Making blogging easy
News from a summerish Typo
This has been 4 months since Typo 5.3 release, and this calm month of July may be the perfect occasion to look at what happeded on the Typo planet.
Cyril and I have been quite busy lately. He quited his job and started a new adventure in a new company. Cyril also moved to Paris, which is great as we’re now able to gather and work together, when we have time. He’s also been dedicating more time to Oupsnow, a bug tracker he’s writing in Merb. I’ve also been quite busy lately, starting lots of Rails projects around Twitter, having less and less free time left by my daily job, and starting a number 3, delivery due next December, so I’ll have to move soon. And that takes a lot of time too.
Hopefully, we had many contributors who came to help us while we were too busy to care about Typo. Erik Ostrom updated Wordpress converter, Michael Reinsch fixed some bugs and did some nice refactoring, and Wei Jen Lu did a fantastic job on translating Typo to Chinese. Wel also had a couple of people submitting patches fixing bugs on Lighthouse. May they be all thanked for the great job they did.
Our main concern lately has been reducing Typo memory footprint. We’ve already dropped lots of useless code and fixed a few bugs, even though there’s still lots of work to be done. By useless code, we mean 3 things:
Removing dead code that is no longer called anywhere. And there was plenty of it, trust me. Typo is an old house, inhabited by lots of different people, and every house needs a bit of cleaning sometimes.
Code that’s trying to reinvent the wheel when the same functionnality has been integrated into Rails for a while now. I know we still carry a lot of this one, and we still have a lot of refactoring to do.
Code that should simply not be in a blogging engine core and can be moved elsewhere as a plugin. Deciding what to keep and what to drop is not always easy, but that’s the usual step in the life of a software.
I’m not really sure yet, but I don’t think Typo next release will carry any major feature. Instead, we’re focusing on performance improvement, bug fixes and usability improvement here and there. I guess it’s a needed step to take before restarting on a fresh, clean ground.
The long road to 5.0.4
Guess what? We’re not dead, and we’re even working on Typo next minor release which should be 5.0.4.
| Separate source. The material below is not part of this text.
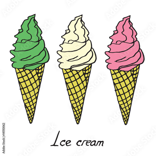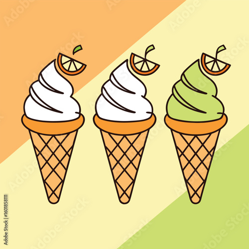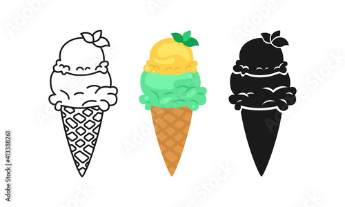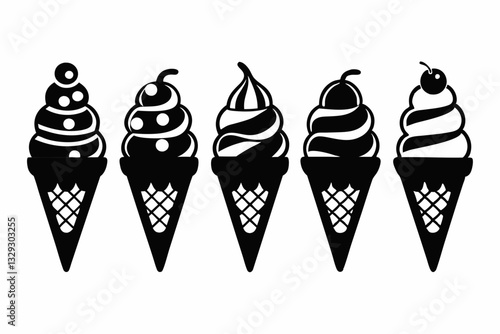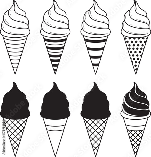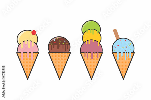Sada ikon zmrzlinového kužele. Vektorové ilustrace ve stylu papírového umění. Origami tání zmrzliny. Letní pozadí, plakát, banner, šablona návrhu letáku.

Last week-end, we finally added tag administration, after integrating Cyril Mougel’s tag autocompletion. You can now edit tags, delete them, and you will soon be able to merge them.
We’ve also fixed some of the remaining bugs, leaving Typo with only 3 open bugs now. We now there’s still much to do, and we’ll run extensive tests to find remaining naughty bugs.
There is still lot to do and guess what ? You can even help us submitting patches (and tests, never forget tests).
Doc
We know how much our doc is outdated, and the next release will change this for 3 major docs:
- Typo user guide.
- Typo install guide.
- Typo theming guide.
Converters
If we had to find a single common point between our doc and our doc, it would certainly be not being up to date at all. Wordpress and Movable Type have evolved as we were evolving too, and converters were left aside since 4.0.
We now need to update these converters to reflect last Wordpress and Movale Type version, and allow people to switch from them to Typo. A migration doc should also be written.
Multiple users
Multiple users has been on our TODO list for a long time now, and is still slowly going its way. It will be made in 2 times : multiple users with profiles and grants, then per users settings for the whole blog.
More admin tweaking
I’m still unsatisfied with the current admin and plan to improve it a bit. I’ve asked a designer frend of mine to help make the current one cleaner while keeping it the way it is, which mostly implies CSS tweaks.
I also want the admin to be the simplest possible, following the Habari project path I really felt in love with in terms of usability.
And last but not least, more dashboard information.